Sách The Daily Stoic 366 Meditations On Wisdom, Perseverance And The Art Of Living PDF

Sách The Daily Stoic 366 Meditations On Wisdom, Perseverance And The Art Of Living PDF

Sách The Daily Stoic 366 Meditations On Wisdom, Perseverance And The Art Of Living PDF là một trong những Sách phát triển bản thân đáng đọc và tham khảo. Hiện Sách The Daily Stoic 366 Meditations On Wisdom, Perseverance And The Art Of Living PDF đang được Nhà Sách Tiền Phong chia sẻ miễn phí dưới dạng file PDF.

=> Bạn chỉ cần nhấn vào nút “Tải sách PDF” ở phía bên dưới là đã có thể tải được cuốn sách bản PDF có tiếng Việt về máy của hoàn toàn FREE rồi.

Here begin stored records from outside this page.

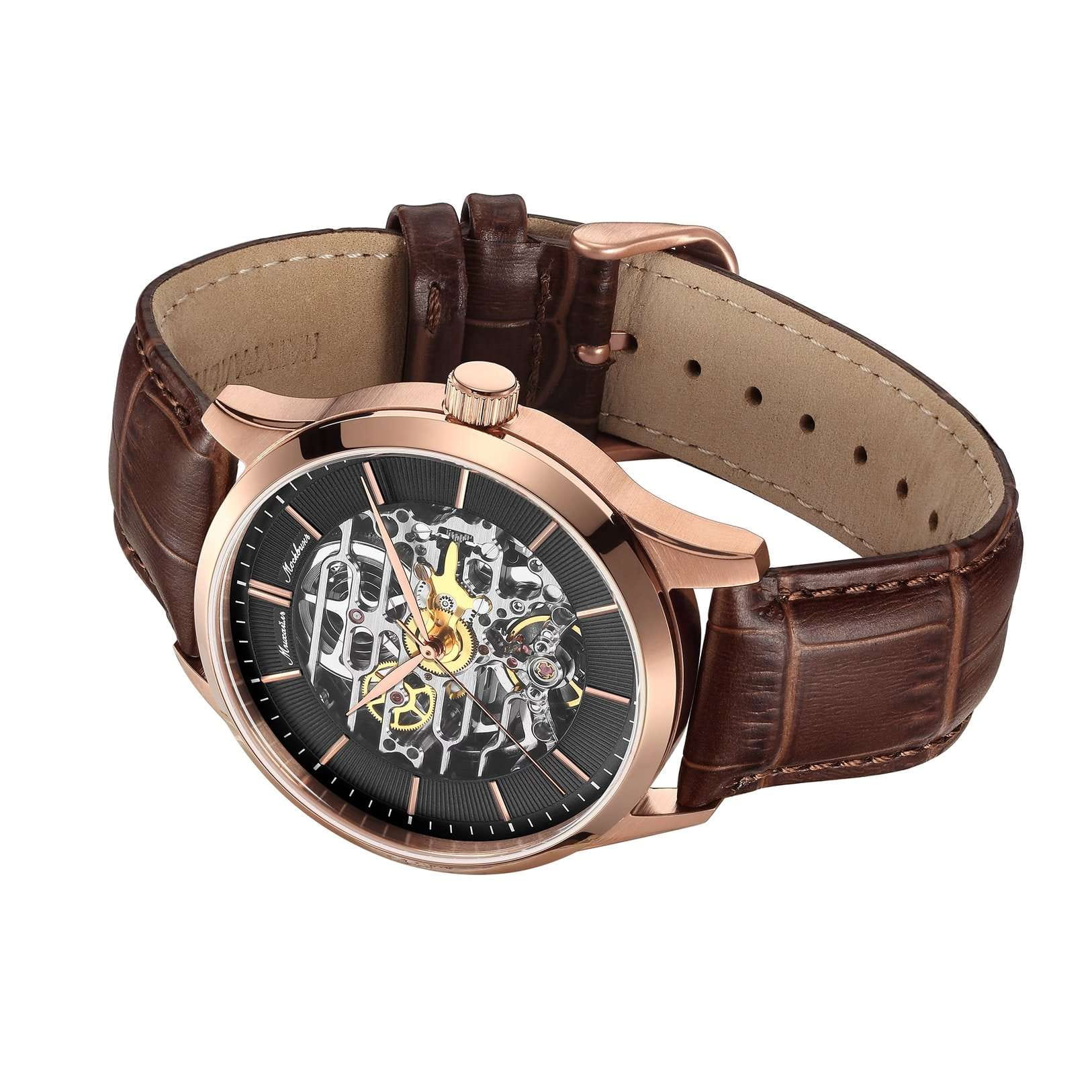 Корпус мужских часов Mikhail Moskvin 1507S3L5 выполнен из нержавеющей стали с ip-покрытиемIP-покрытиеМетод ионного напыления. Демонстрирует повышенную устойчивость к истиранию, окислению и химическим веществам. Под воздействием высокого давления и температуры около 1500°C молекулы металла надёжно соединяются с частицами корпуса часов., диаметром 43 мм, золотого цвета. Механизм механический с автоподзаводом, возможен ручной завод. Циферблат чёрного цвета стрелочный с метками, защищён минеральным стекломМинеральное стеклоМинеральное стекло представляет собой искусственно выращенный минерал кварца. Такое стекло отличается особой устойчивостью к повреждениям и царапинам. Уступает по некоторым качествам сапфировому стеклу.. Модель имеет скелетонизированный дизайн, рифленую заводную головку. Ремень из натуральной кожи с имитацией кожи крокодила шириной 22 мм со стандартной застёжкой, максимальный обхват запястья 220 мм. Водозащита 5 АТМ, рассчитана на защиту от брызг и дождя.
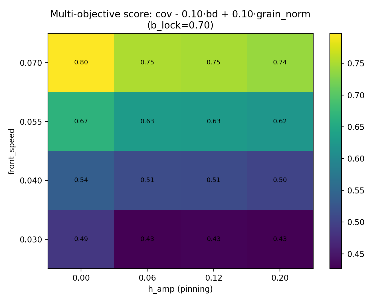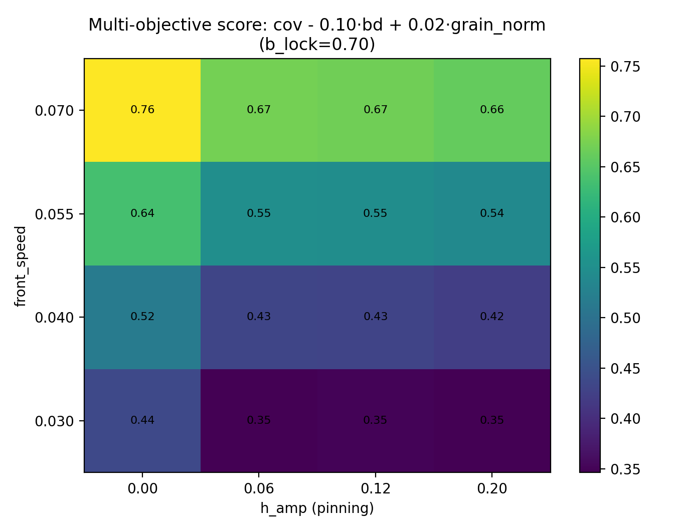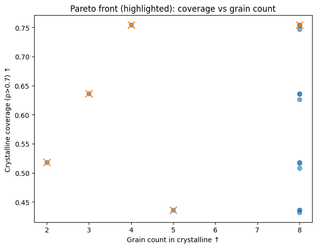 Using Pareto optimization (maximize coverage and grain count, minimize boundary density):
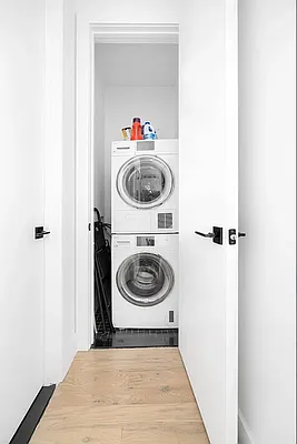The bedroom features a large window and generous closet space, while the modern bathroom includes a soaking tub and under-sink storage. For added convenience, there is in-unit laundry tucked away in a dedicated closet.
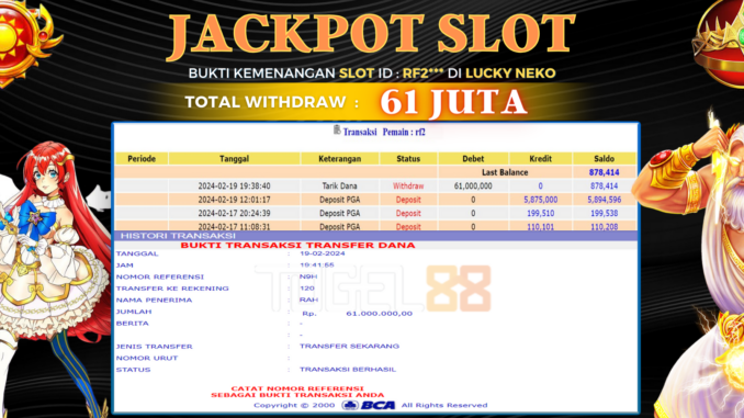 TOGEL88 JACKPOT SLOT DI LUCKY NEKO Rp 61.000.000,- LUNAS
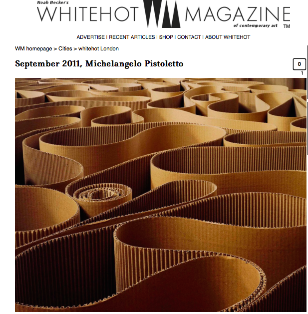 Michelangelo Pistoletto has got us all working for him. The artwork displayed at the Serpentine is only part of the equation; the rest is up to us visitors, moving slowly through the maze of swirling cardboard. The corrugated paper winds itself around the entire gallery, leading us on, every now and again depositing us in front of a massive mirror. There is no escaping Pistoletto’s mirrors; it is just you there, surrounded by white walls and cardboard, with no choice other than to look. Your eyes scan over your fellow audience, the walls and the ceiling, until like it or not, they come to rest on your own reflection.
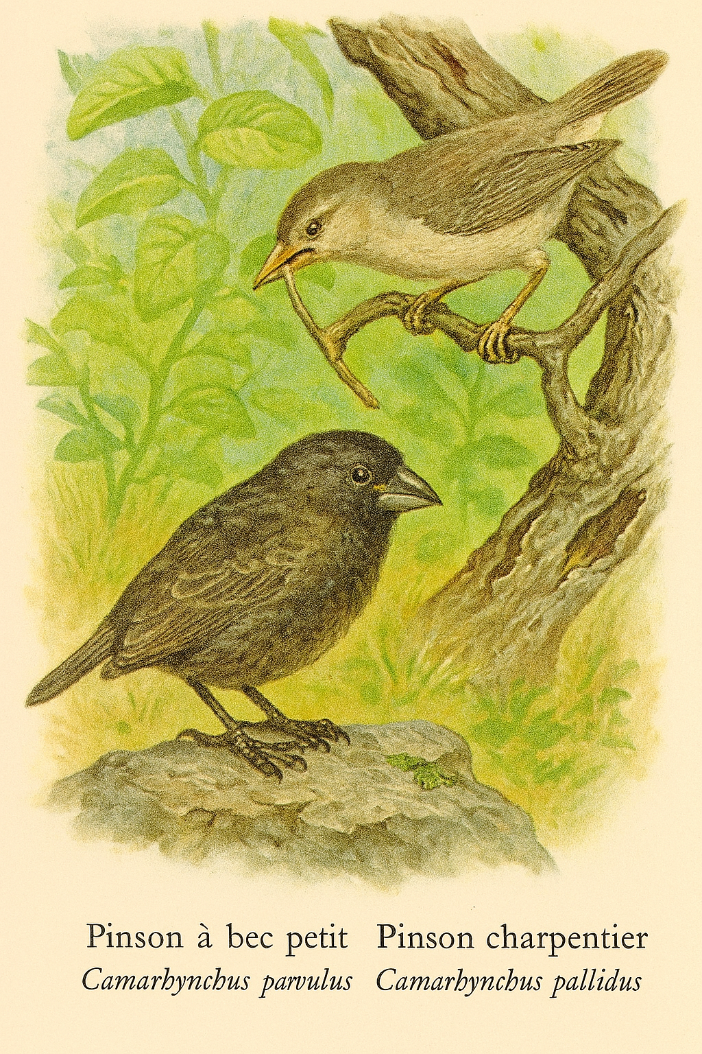 adaptative des pinsons insectivores. Camarhynchus pallidus est plus rare,
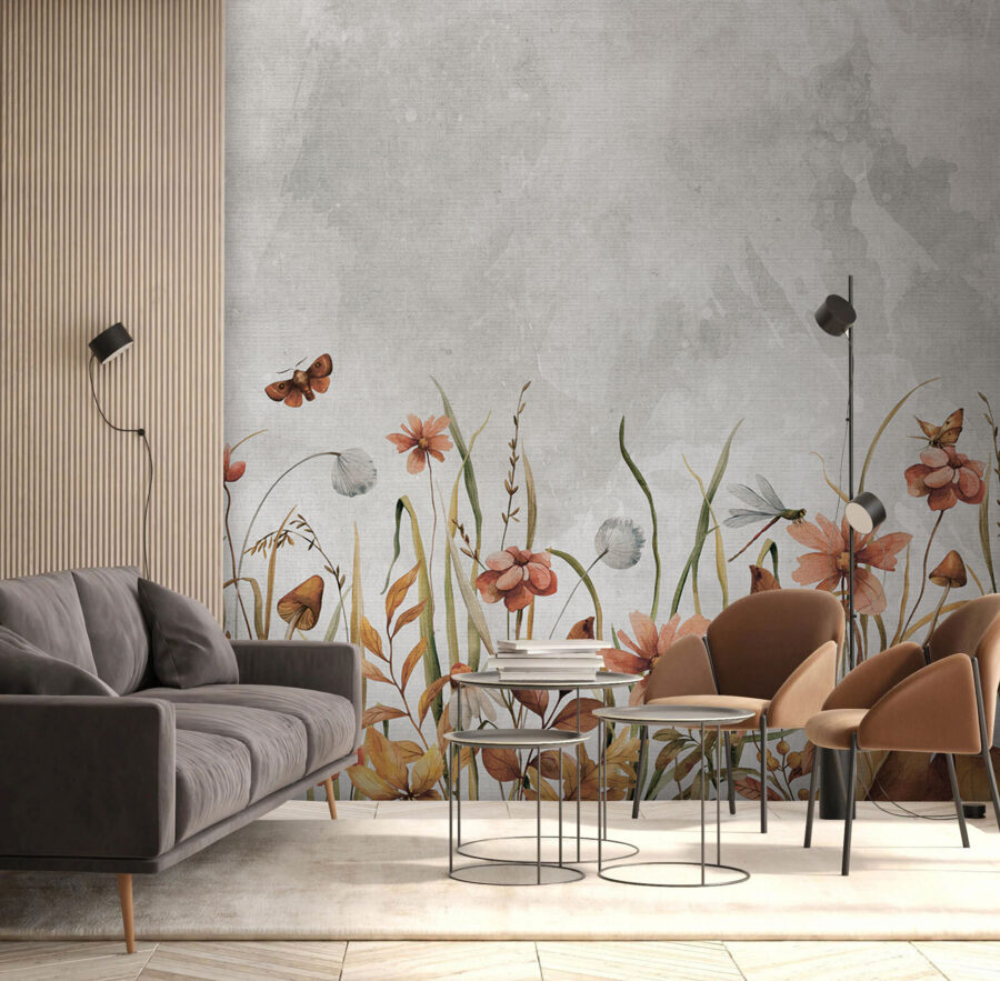 Transforma tu espacio en un jardín de ensueño con este impresionante mural de flores y hierba. Imagínate despertarte cada día rodeado de delicadas flores y suaves tonos verdes, como si estuvieras en plena naturaleza, ¡pero sin insectos! Los colores suaves evocan una sensación de calma, lo que lo hace perfecto para una acogedora sala de estar o un tranquilo dormitorio.

The private diaries of one of Rome’s greatest emperors, the personal letters of one of Rome’s best playwrights and wisest power brokers, the lectures of a former slave and exile, turned influential teacher. Against all odds and the passing of some two millennia, these incredible documents survive. What do they say? Could these ancient and obscure pages really contain anything relevant to modern life? The answer, it turns out, is yes. They contain some of the greatest wisdom in the history of the world. Together these documents constitute the bedrock of what is known as Stoicism, an ancient philosophy that was once one of the most popular civic disciplines in the West, practiced by the rich and the impoverished, the powerful and the struggling alike in the pursuit of the Good Life.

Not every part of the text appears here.